Отступаю еще. В комнату.

Он останавливается возле счетчика. Протягивает руку к пробкам; во всей квартире загорается свет.

Теперь во всем моем убежище нету темного уголка, чтобы спрятаться. Пол содрогается от шагов оккупанта, хотя тот шагает легко и почти неслышно.

Я отступаю.

Теперь я стою в меловом кругу, и не сделаю больше ни шага.

* * *

– Почему ты не берешь трубку? – спрашивает он.

У него внимательные, как на ринге, немигающие жесткие глаза. В руках – розовый букет, свободный от целлофана и потому беззвучный. Он держит его небрежно, головками вниз, как банный веник.

Я молчу.

Он едва заметно морщится. Смотрит на руку, только что державшую букет; пальцы в крови.

– Это розы, – говорит он, как будто я не знаю, как называются цветы с шипами.

Он оглядывает мою комнату. Она выставлена – нагишом – на его обозрение. Вместе со старыми фотографиями в серванте, оплывшими столбиками свечей, пыльными книжными корешками, пожелтевшими обоями и растрескавшимся потолком...

– Почему ты не берешь трубку? – спрашивает он, как будто в самом деле надеется на ответ.

– Я очень занята, – говорю я. – У меня... будет новая программа.

У него внутри как будто зажигается теплая елочная лампочка:

– Правда?

Смотрю ему в глаза. Не знаю, что сказать.

– Какая программа, Ленка? Ты бросаешь «Щели»? Ты...

– Зачем ты пришел? – обрываю.

Он смотрит на свою окровавленную ладонь. Потом берет с полки пустую стеклянную вазу. Идет в ванную, а я только разеваю рот, как рыба, пытаясь его остановить.

Я слышу, как он моет руки. Как набирает воду в вазу. Как возвращается, наконец, и ставит розы на пол – по ту сторону меловой черты.

В ванной – там, откуда он ушел – тихо.

– Зачем же ты это сделал, – спрашиваю шепотом.

– Они без воды завянут, – отвечает он шепотом тоже. – Сделал затем, потому что жалко...

– Кого жалко?

– Розы...

– А больше никого?

– Я хотел сказать тебе, – говорит он.

Молчу. И он молчит. Смотрит под ноги, на черту между нами.

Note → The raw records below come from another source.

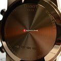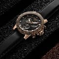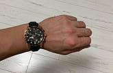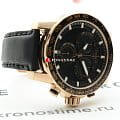 Аксессуар позволит грамотно дополнить образ, гармония чёрно-золотистой палитры никогда не потеряет актуальности. Наручные часы позволят всегда находиться в центре внимания. Массивный циферблат с крупной индикацией времени, симметричным расположением окошек – важная деталь для делового мужчины, привыкшего всё делать вовремя. Ремешок из тисненой натуральной кожи имеет белую прострочку, вдохновение идет от спортивных моделей. Швейцарский кварцевый механизм ETA G10.212. Сапфировое стекло. Корпус из нержавеющей стали 316L с цветным PVD-покрытиемPVDУльтратонкое покрытие наносится в технике вакуумного напыления, сочетает в себе нитрид титана особой прочности со слоем золота или оксида хрома. Несёт в себе декоративную или защитную функцию.. БезельБезельВнешний ободок, закрепляющий стекло. В спортивных часах так называется поворотное кольцо с делениями на циферблате, выполняет роль таймера – замеряет отрезки времени на шкале. Неподвижный безель – элемент декора. Однонаправленно вращающийся безель на дайверских часах позволяет фиксировать моменты погружения и выныривания на поверхность. размечен шкалой тахиметраТахиметрРазмеченная шкала, располагается на ободке или безеле часов. Тахиметр позволяет рассчитать скорость на определённом участке пути, расстояние измеряется в километрах или милях.. Водонепроницаемость до 10 бар. Люминесцентная подсветкаЛюминесцентное покрытиеПозволяет считывать показания времени в темноте. Производители наносят на стрелки, часовые индексы, безель или поверхность циферблата светонакопительный состав, дающий холодное свечение.. Секундомер, хронографХронографФункция позволяет измерять отрезки времени с особой точностью: часы, минуты, секунды. Верным признаком хронографа является наличие на циферблате 3 дополнительных окошек-счётчиков., индикация числа. Диаметр корпуса: 45,5 мм.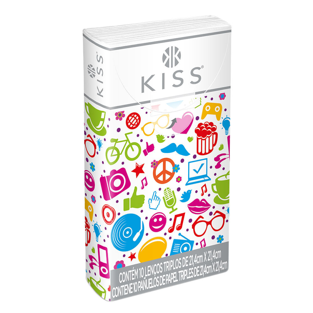 Lenço de Papel Kiss Bolso Embalagens Sortidas Folha Tripla com 10 Unidades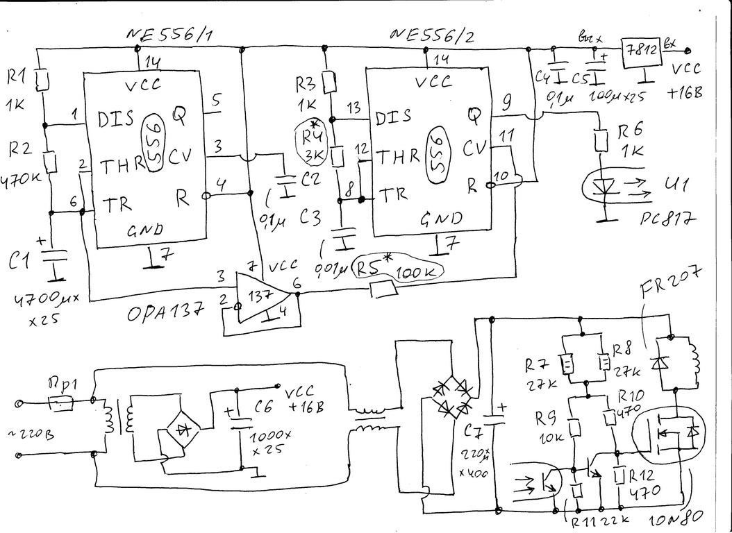 Нашёл на форумах сайтов схему самого последнего генератора Райфа на лампах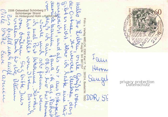 74027153 alte Postkarte Schoenberg Ostseebad Panorama Schoenberger Strand im Hintergrund Holm und Kalifornien postalisch gelaufen Fliegeraufnahme Erhaltung siehe scans [FriedD77] KatCode: 11110001057073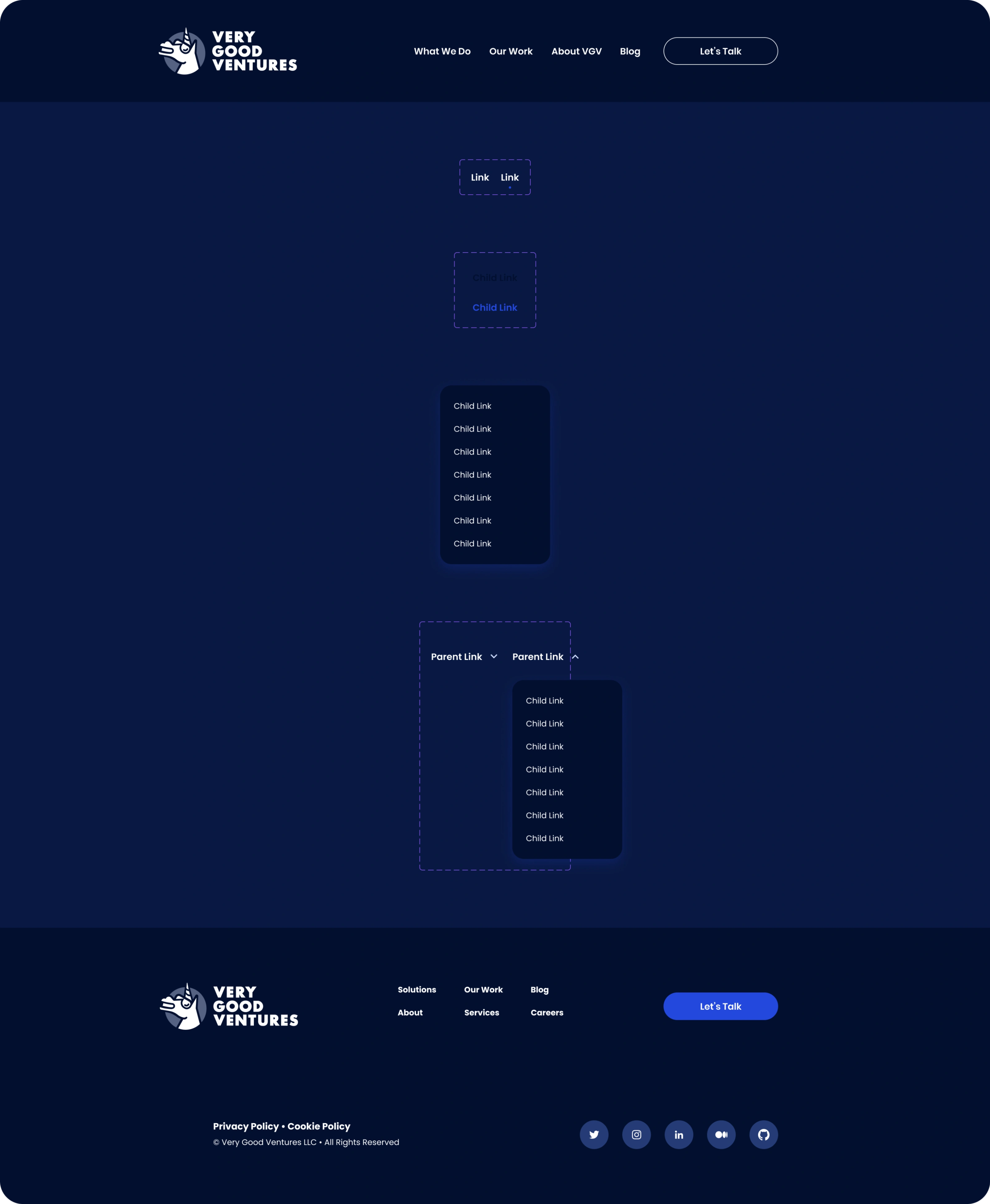 We delivered a full component library alongside the page designs — not just comps, but a structured set of building blocks that the engineering build could use directly. This meant the frontend stayed faithful to the design intent without a lossy translation step, and VGV's team has a real system to work from when adding new content going forward.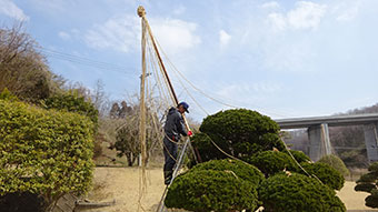 前回このコーナーで三春の雪景色をお伝えしたところ、あの後もさらに積雪があり、春がどんどん遠ざかる気がしておりました。でも、そんな雪も消え、つい先日は、三春工場に春の訪れを告げる伽羅木の雪つりの取り外し作業が行われました。北風はまだまだ冷たいですが、いよいよ三春に春が来ましたぁ~♪

– Там ванна остыла, – говорит он.

– И что?

Смотрит на меня очень серьезно:

– Ничего. Там никого нет... И ванна остыла... И... знаешь... пусть живет как захочет.

Зажмуриваюсь.

Темно.

Елена

Темно.

Потом вдруг вспыхивает свет.

Размытые очертания становятся четкими. Как будто близоруким глазам сама собой возвращается способность видеть пылинки в солнечном луче.

Скорлупа лопается изнутри, и мир рывком прорастает за пределы моей комнаты.

« Я человек, я посредине мира, За мною мириады инфузорий, Передо мною мириады звезд » ...

– Лена, – говорит мой собеседник, и его зрачки вдруг расширяются, как черные озера. – Лена?!

Вижу свое отражение в его глазах.

Выпрямляю спину.

И, не зажмуривая глаз, не склоняя головы, делаю первый шаг за пределы мелового круга.